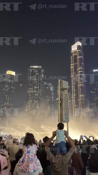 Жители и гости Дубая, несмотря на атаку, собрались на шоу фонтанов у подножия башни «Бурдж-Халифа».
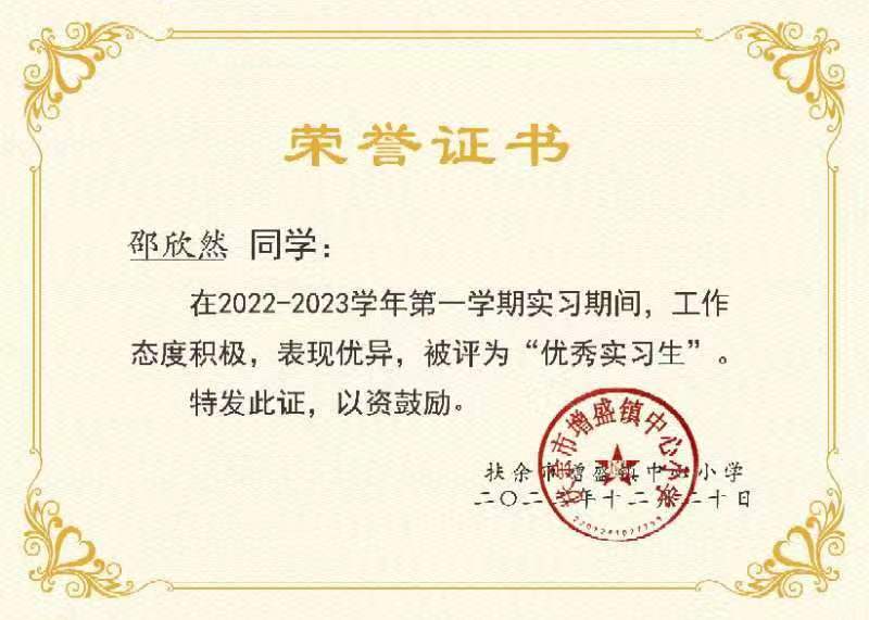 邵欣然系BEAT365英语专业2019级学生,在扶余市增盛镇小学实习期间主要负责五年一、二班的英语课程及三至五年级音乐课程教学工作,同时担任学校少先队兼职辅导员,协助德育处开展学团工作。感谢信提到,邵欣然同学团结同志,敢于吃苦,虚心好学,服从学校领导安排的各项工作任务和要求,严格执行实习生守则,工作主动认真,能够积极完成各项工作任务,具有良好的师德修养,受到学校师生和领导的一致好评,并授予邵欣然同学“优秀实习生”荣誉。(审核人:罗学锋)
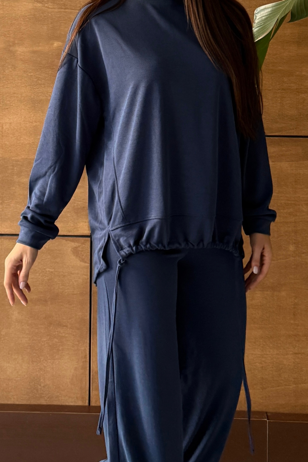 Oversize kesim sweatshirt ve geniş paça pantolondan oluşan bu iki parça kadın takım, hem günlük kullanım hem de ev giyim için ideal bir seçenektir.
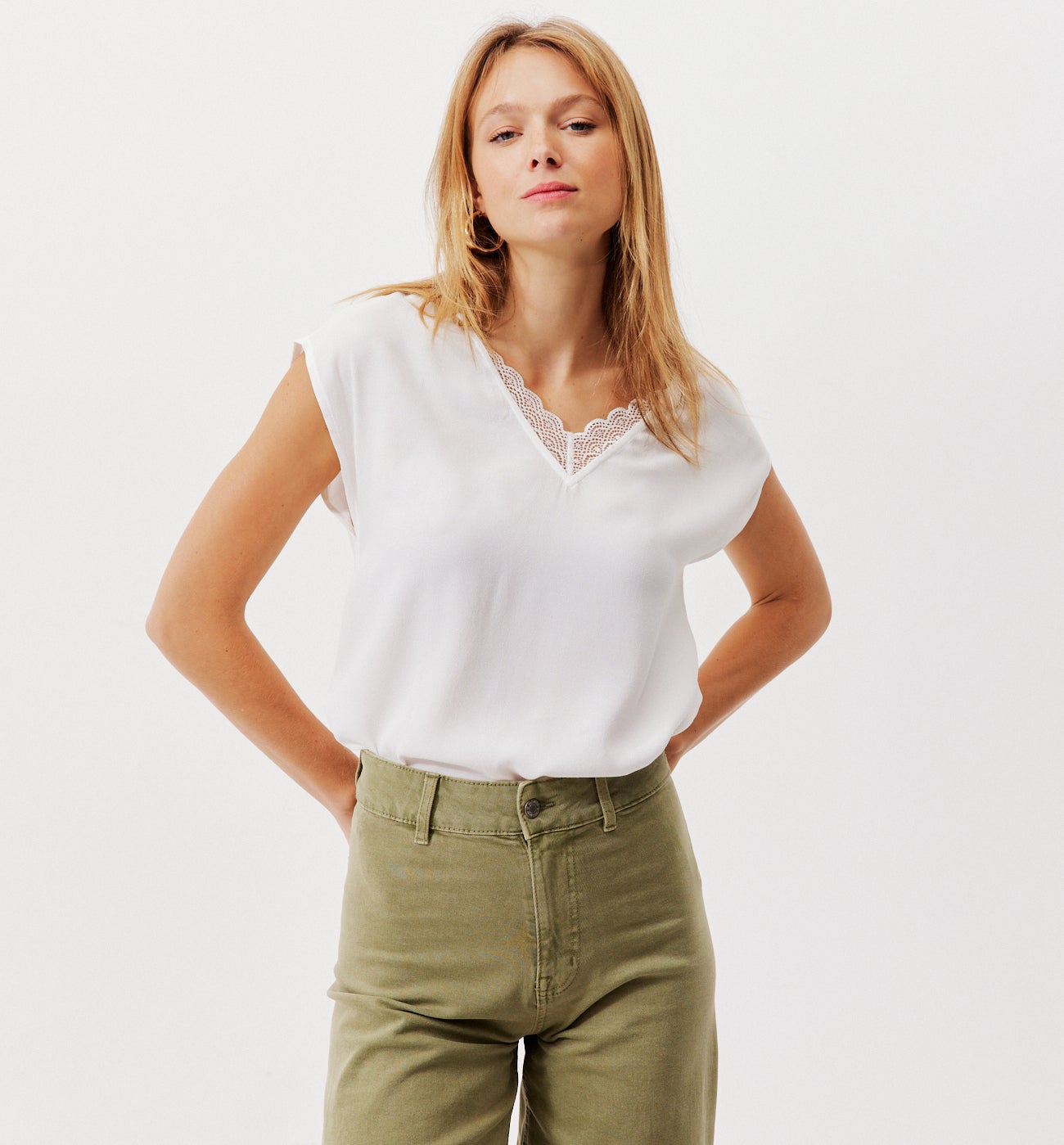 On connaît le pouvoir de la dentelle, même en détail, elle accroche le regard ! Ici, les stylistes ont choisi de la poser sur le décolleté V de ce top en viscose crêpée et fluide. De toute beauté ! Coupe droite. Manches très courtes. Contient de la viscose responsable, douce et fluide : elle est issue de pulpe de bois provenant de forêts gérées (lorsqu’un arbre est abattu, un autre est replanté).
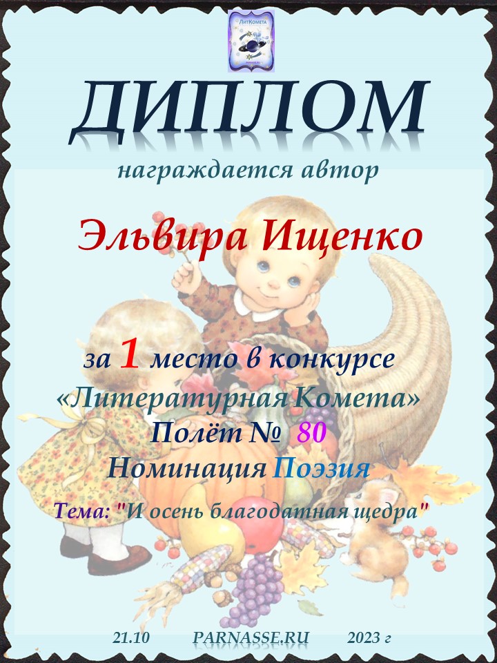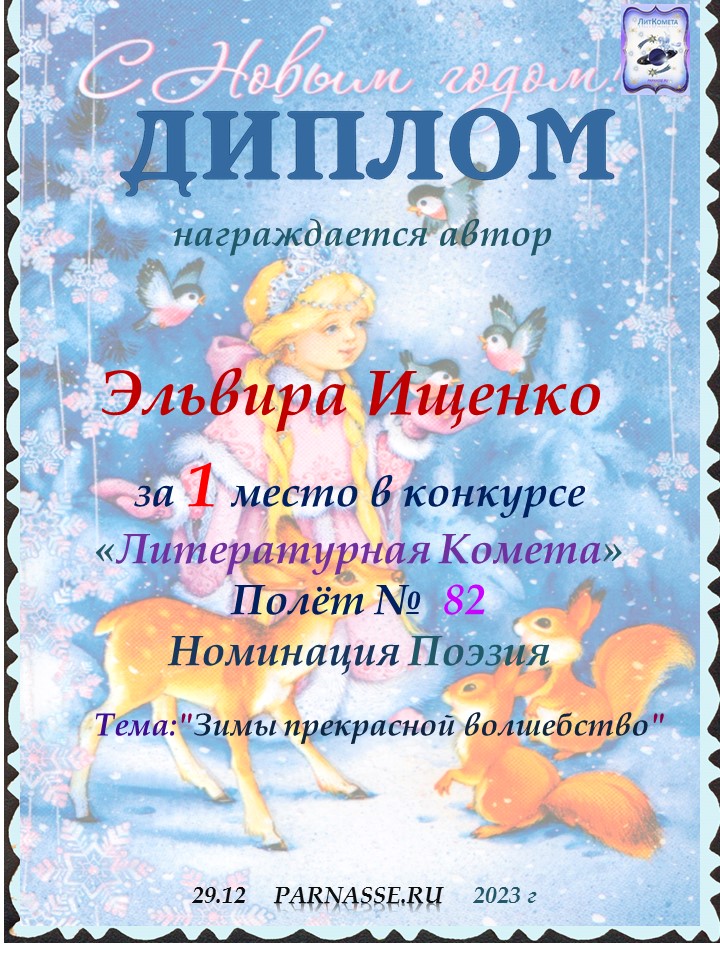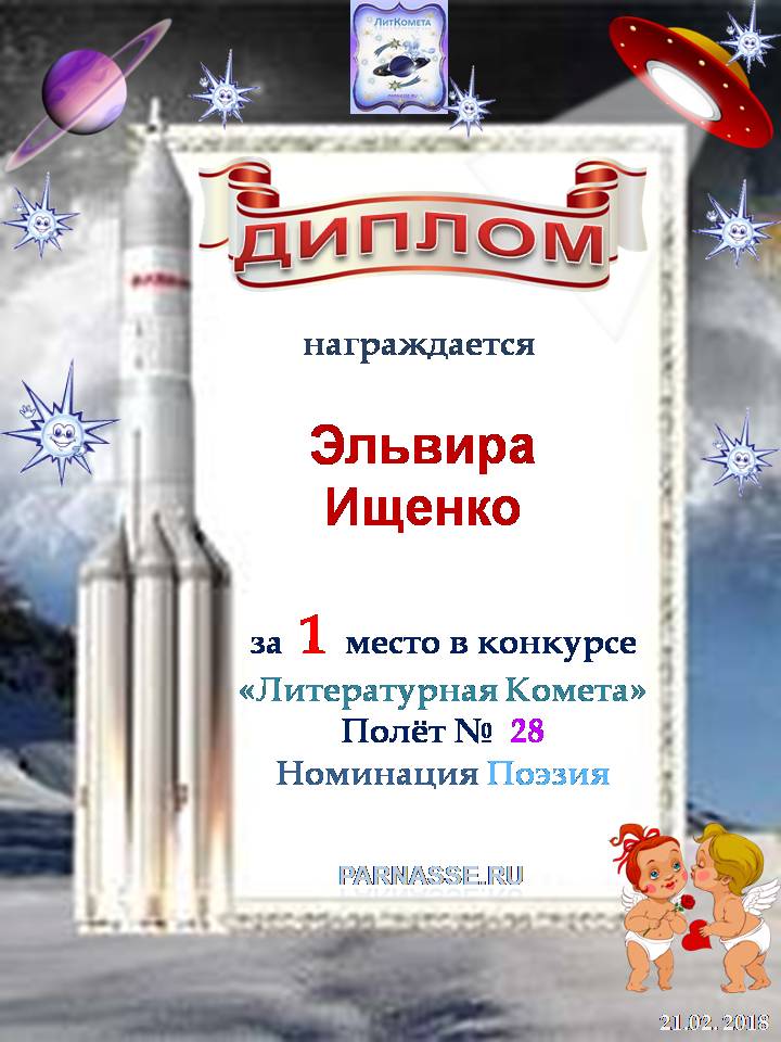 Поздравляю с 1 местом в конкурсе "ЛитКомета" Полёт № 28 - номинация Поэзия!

☆ ☆ ☆ ☆ ☆ ☆ ☆

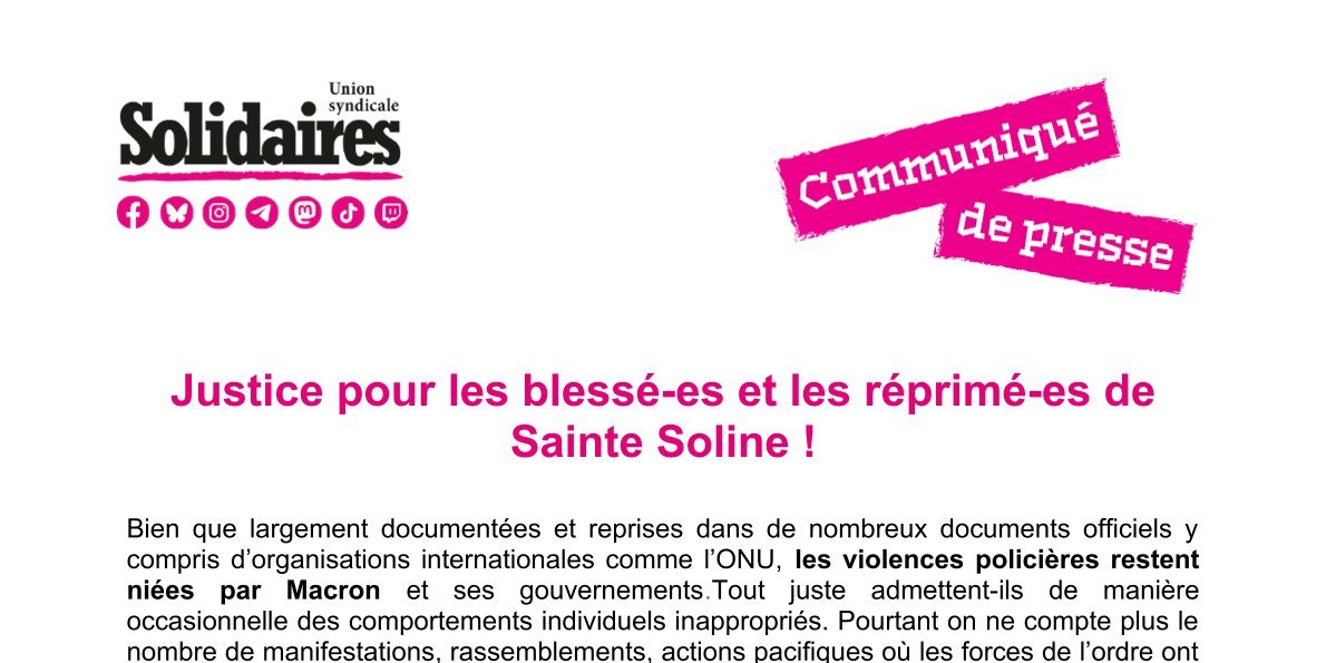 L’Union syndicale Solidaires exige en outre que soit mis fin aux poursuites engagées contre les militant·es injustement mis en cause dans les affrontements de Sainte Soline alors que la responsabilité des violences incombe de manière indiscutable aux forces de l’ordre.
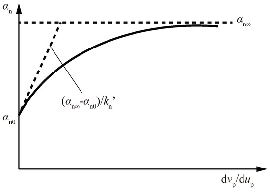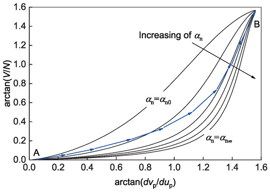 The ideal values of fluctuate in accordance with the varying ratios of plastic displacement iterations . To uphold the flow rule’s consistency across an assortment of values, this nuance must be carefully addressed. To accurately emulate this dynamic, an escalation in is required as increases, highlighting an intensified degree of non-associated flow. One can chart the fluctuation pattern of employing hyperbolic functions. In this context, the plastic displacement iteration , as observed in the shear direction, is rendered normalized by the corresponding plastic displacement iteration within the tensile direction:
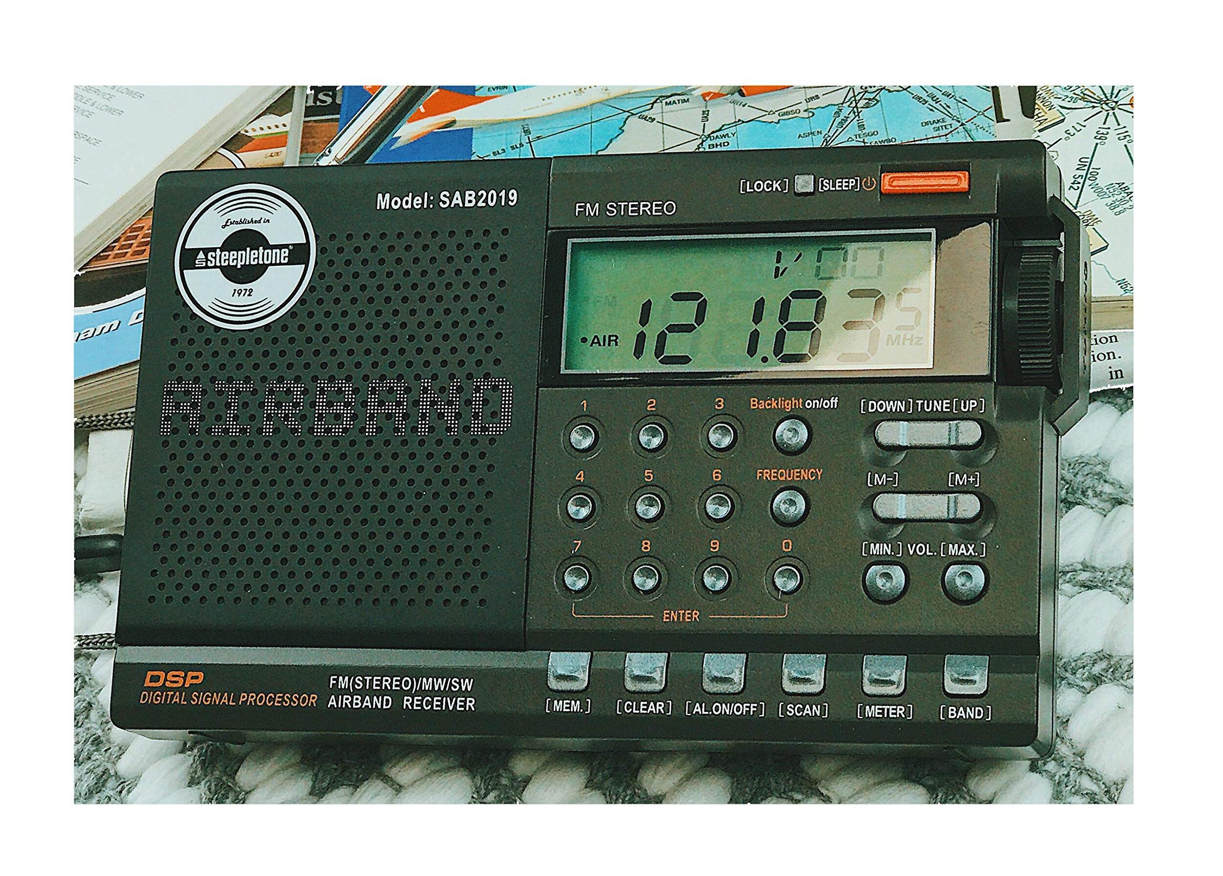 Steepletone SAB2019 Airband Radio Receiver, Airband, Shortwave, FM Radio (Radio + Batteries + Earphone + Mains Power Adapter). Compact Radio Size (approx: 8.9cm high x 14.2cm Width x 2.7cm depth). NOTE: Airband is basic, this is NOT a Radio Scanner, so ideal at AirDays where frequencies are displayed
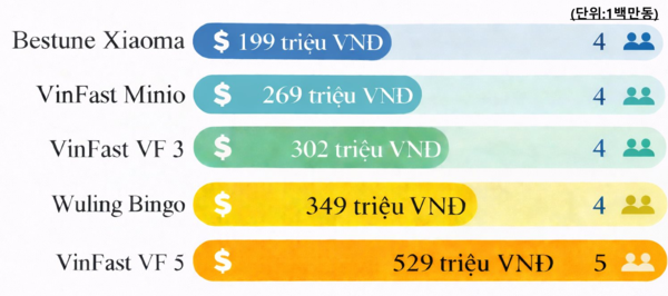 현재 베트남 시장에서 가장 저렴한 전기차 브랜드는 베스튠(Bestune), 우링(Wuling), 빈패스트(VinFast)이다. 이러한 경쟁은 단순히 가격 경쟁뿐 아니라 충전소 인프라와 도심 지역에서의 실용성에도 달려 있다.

☆ ☆ ☆ ☆ ☆ ☆ ☆

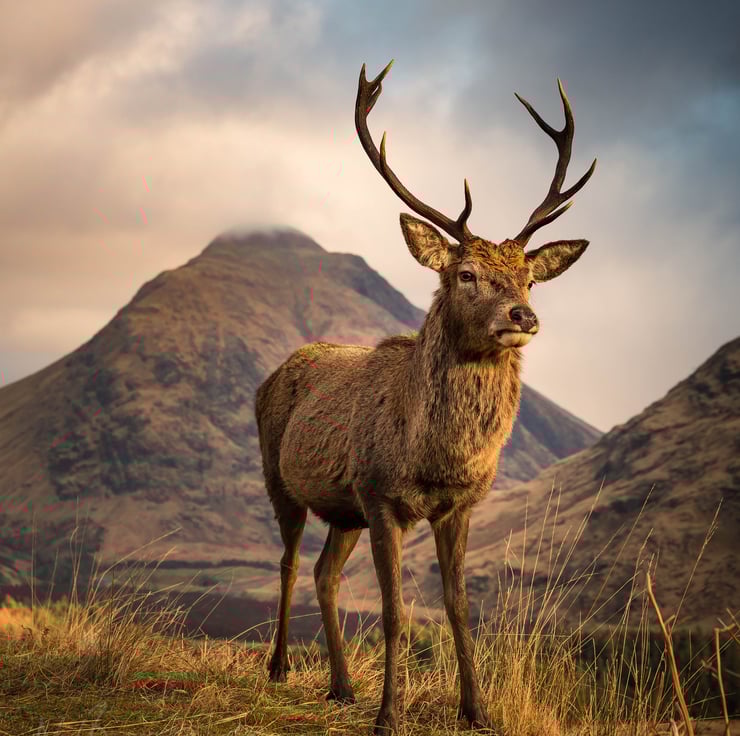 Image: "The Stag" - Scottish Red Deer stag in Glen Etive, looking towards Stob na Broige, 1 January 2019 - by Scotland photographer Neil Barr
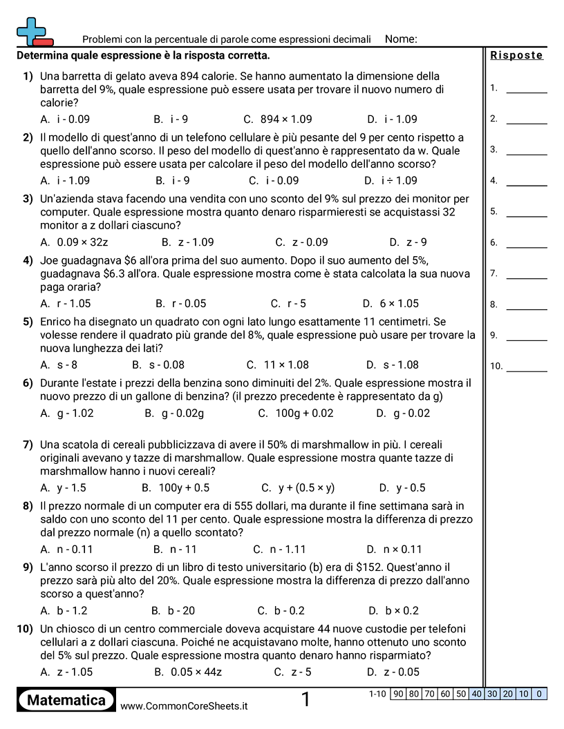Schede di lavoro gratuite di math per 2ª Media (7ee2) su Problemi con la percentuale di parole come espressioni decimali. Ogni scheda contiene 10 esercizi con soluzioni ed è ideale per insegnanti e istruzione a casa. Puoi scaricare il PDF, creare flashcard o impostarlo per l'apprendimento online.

☆ ☆ ☆ ☆ ☆ ☆ ☆

**WORK TO COMPLETE:**
What you need to produce is an exact copy of the entries above, limited to the lines from the one with "Жители и гости" up to and including the one with "Oversize kesim sweatshirt", without pictures.

**ANSWER FOR THIS EXERCISE:**
 Жители и гости Дубая, несмотря на атаку, собрались на шоу фонтанов у подножия башни «Бурдж-Халифа».
 邵欣然系BEAT365英语专业2019级学生,在扶余市增盛镇小学实习期间主要负责五年一、二班的英语课程及三至五年级音乐课程教学工作,同时担任学校少先队兼职辅导员,协助德育处开展学团工作。感谢信提到,邵欣然同学团结同志,敢于吃苦,虚心好学,服从学校领导安排的各项工作任务和要求,严格执行实习生守则,工作主动认真,能够积极完成各项工作任务,具有良好的师德修养,受到学校师生和领导的一致好评,并授予邵欣然同学“优秀实习生”荣誉。(审核人:罗学锋)
 Oversize kesim sweatshirt ve geniş paça pantolondan oluşan bu iki parça kadın takım, hem günlük kullanım hem de ev giyim için ideal bir seçenektir.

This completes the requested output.